Until a few years ago, Gobekli Tepe was not well known. However, when it was declared a UNESCO World Heritage Site in 2019, its popularity exploded.

The site itself is pretty sparse. There’s a gift shop and cafe near the Gobekli Tepe parking lot and a covered waiting area where shuttles take visitors up the hill to the main archaeological site.

At the base of the main area is another small cafe and gift shop, along with modern toilets.

Beyond that, the entire Gobekli Tepe site is essentially just covered ruins with walkways connecting them. An ideal reflection of the ancient culture that created these incredible ruins.

The entire Gobekli Tepe archaeological site is connected by a series of accessible walkways. It can be visited by those with mobility devices as there are ramps throughout.

Here are a few tips to help you plan your visit to Gobekli Tepe:

  • Tickets – Tickets can be obtained at the entrance to Gobekli Tepe. It may be one of the most important archaeological sites in the world, but it’s nowhere near as famous as places like Ephesus and the Blue Mosque in Istanbul, so you don’t need to book ahead.
  • Clothing – Wear comfortable and weather-appropriate clothing to Gobekli Tepe. Remember that the temperature here can vary throughout the year. There is not much shade either. Apart from the gift shop and cafe, the entire archaeological site is outdoors.
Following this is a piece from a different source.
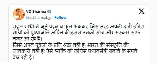 मध्य प्रदेश भाजपा अध्यक्ष वीडी शर्मा ने कहा, '' राहुल गांधी ने जूते पहन व फूल फेंककर जिस तरह अपनी दादी इंदिरा गांधी को पुष्पांजलि अर्पित की, इससे उनकी सोच और संस्कार साफ नजर आ रहे हैं. जिसे अपने पूर्वजों के प्रति श्रद्धा नहीं है, भारत की संस्कृति की जानकारी नहीं है; ऐसे व्यक्ति को कांग्रेस प्रधानमंत्री बनाने के सपने देख रही है.''

Pack a good sunhat and comfortable shoes, and don’t forget sunscreen.
  • Respect the Archaeological Site: Gobekli Tepe is one of the oldest known examples of monumental architecture, dating back to around 9600 BCE. Show respect for this ancient site by following all rules and guidelines set by the authorities. Avoid touching the ancient stones or any carvings, and stay on designated paths to help preserve the archaeological integrity of the site for future generations.
  • Book a Guided Tour: Consider joining a guided tour led by knowledgeable professionals who can provide valuable insights into the history, architecture, and significance of Gobekli Tepe. Guides can enhance your understanding of the site’s cultural and historical context, making the visit more educational and enjoyable. I highly recommend booking Taho from Tours by Locals. He was a wealth of information and a wonderful human being.
  • Stay Hydrated: Apart from the main dig sites, there’s not much shade at Gobekli Tepe. The sun can be intense, especially during the summer months, so staying hydrated is crucial. Pack a filtered water bottle so that you’ll have access to clean water wherever you are. It’s an important way to stay healthy while traveling.

What To See At Gobekli Tepe

Gobekli Tepe is setup in a series of buildingsor dig sites that have been essential to uncovering the mysteries of this ancient site. There are well-maintained walking paths connecting each of these buildings.

All of the buildings are open air, but some of the more historically important sites are protected by fabric covers that can help reduce the effects of the elements.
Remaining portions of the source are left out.